# Orvis Friday Film Fest



## fishmerf (Mar 28, 2008)

As some of you know, Sweetfeet and I like to chronicle many of our fishing excursions with the video camera. It has added to the excitement of our already exciting adventures.
This week we were recognized by Orvis on their Friday Film Festival. It was pretty cool to find our latest video posted on their blog. You can check it out from our website here: http://flatlanderflyfishing.com/?page_id=22

If you haven't been to the OrvisNews web pages, you should check them out. The Friday Films are always worth a gander.

Merf


----------



## bruceride (Aug 1, 2011)

This is the kind of publicity that could make something of you! 

Great film, BTW, it was cool to see it on the Friday Film Fest.


----------



## TheCream (Mar 19, 2009)

In the First Trout of '12 video, was that guy fly fishing with a baitcaster?


----------



## sbreech (Jun 6, 2010)

TheCream said:


> In the First Trout of '12 video, was that guy fly fishing with a baitcaster?


 
That's pretty funny! I wonder how the balance is on a flyrod with that contraption on it.


----------



## fishmerf (Mar 28, 2008)

That was SweetFeet and he actually said it felt like an old push button zebco when he first put it on there. It made for some cool casting shots!


----------



## SweetFeet (Aug 7, 2006)

TheCream said:


> In the First Trout of '12 video, was that guy fly fishing with a baitcaster?
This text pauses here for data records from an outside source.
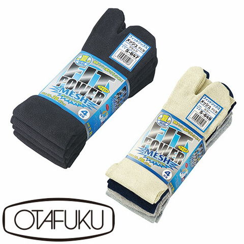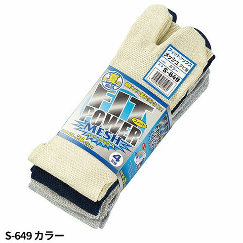 フィットパワー メッシュ ソックス タビ型 4足組 おたふく手袋 靴下 25~27cm S-647 S-649 春 夏 夏用 安全靴 現場 作業着 作業服 作業用品 涼しい
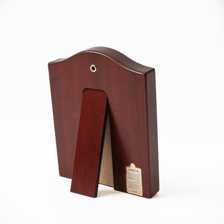 Закріплений оклад на дерев'яному кіоті (основі) прямокутної форми, яка виготовлена із МДФ покритого шпоном дерева. Ззаду ікони є відкидна ніжна та отвір для кріплення на стіні.
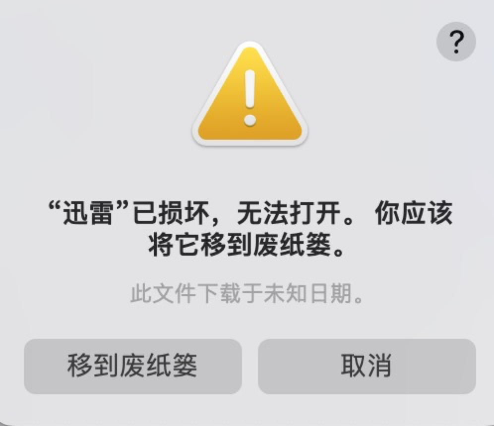 mac mini2020 升级Ventura后,一直提示“迅雷”已损坏,无法打开。 你应该将它移到废纸篓。
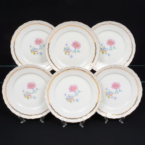 • Porcellana Mauá, Mauá - SP(Fundada em 1937 por Fritz Erwin Schmidt / ativa até 1968). Conjunto de pratos rasos em porcelana nacional da década de 1950/60; esmaltagem vítrea na cor branca, centro decorado com crisântemo e folhagens em estampagem policromada, predominando as tonalidades violeta, rosa, azul e verde; borda recortada em ondualções decorada com aplicações de filete dourado, orla circundada por volutas relevadas na própria pasta, e faixa contínua de folhagens aplicada em douradura. Marca da manufatura no verso. Composto de seis(06) unidades. Medidas: Diam.: 23,5 cm. Um apresenta acentuado bicado na borda.
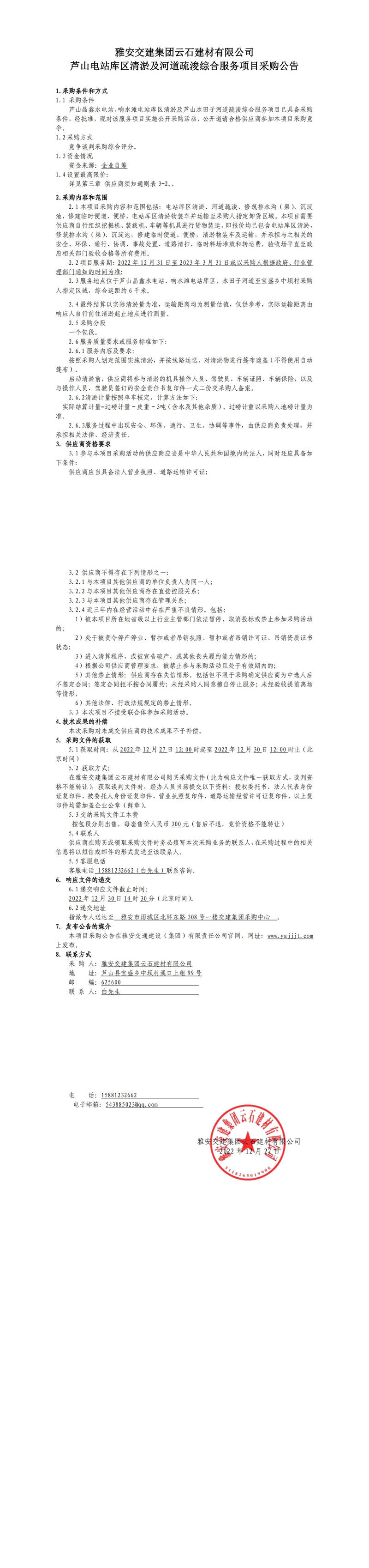 雅安交建集團云石建材有限公司蘆山電站庫區(qū)清淤及河道疏浚綜合服務項目采購公告
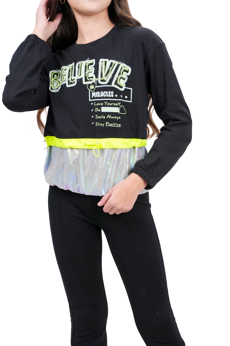 Спортните блузи и пуловери за момичета са перфектни за активно носене, особено за спорт и игри на открито. Те обикновено са изработени от еластични и дишащи материали като памук и синтетични влакна, които позволяват на кожата да диша и осигуряват свобода на движение. Спортните блузи и пуловери могат да бъдат с дълъг или къс ръкав, в зависимост от сезона. Тези модели обикновено имат модерни принтове и мотиви, които правят облеклото не само удобно, но и стилно. - Блузи с дълъг ръкав
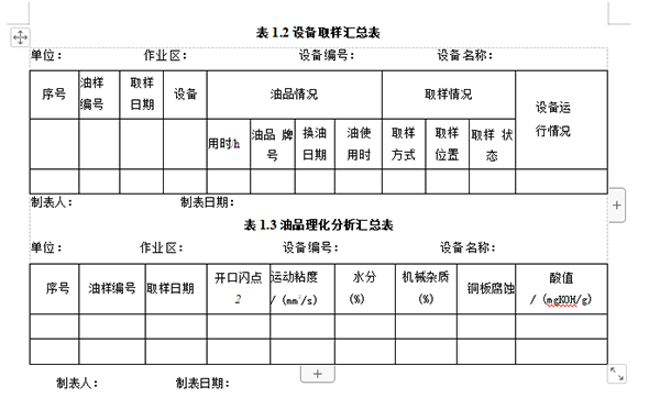 為了便于傳遞信息,對(duì)各類數(shù)據(jù)進(jìn)行對(duì)比和匯總分析,需要生成各類報(bào)表, 以備分析需要選擇。生成的報(bào)表可包括:①油液報(bào)表,包括油樣明細(xì)表、單機(jī) 取樣記錄匯總表、油樣月度匯總表等;②油品理化分析報(bào)表,包括油樣分析結(jié) 果表、單機(jī)潤(rùn)滑理化分析匯總表、單臺(tái)設(shè)備潤(rùn)滑記錄表等;③鐵譜分析結(jié)果表, 包括磨粒成分匯總表、磨粒濃度數(shù)據(jù)匯總表、鐵譜分析記錄表等;④油液監(jiān)測(cè) 結(jié)論表等。下面給出了 “設(shè)備取樣匯總表”和“油品理化分析匯總表”的樣表, 見表1.1和表1.3。

Funny...I look at the picture now and realize it does look a lot like a bait caster! Even funnier, I seem to cast better with it. I didn't nary lose one of Merf's flies the whole day!

Feels pretty cool to have our little movie featured by Orvis. But, it's really not a huge deal, I guess...over 500 films will be posted there a year. Some of the best ones come from Europe. Just gets me heeled to get back out and do some more fishing/filming.


----------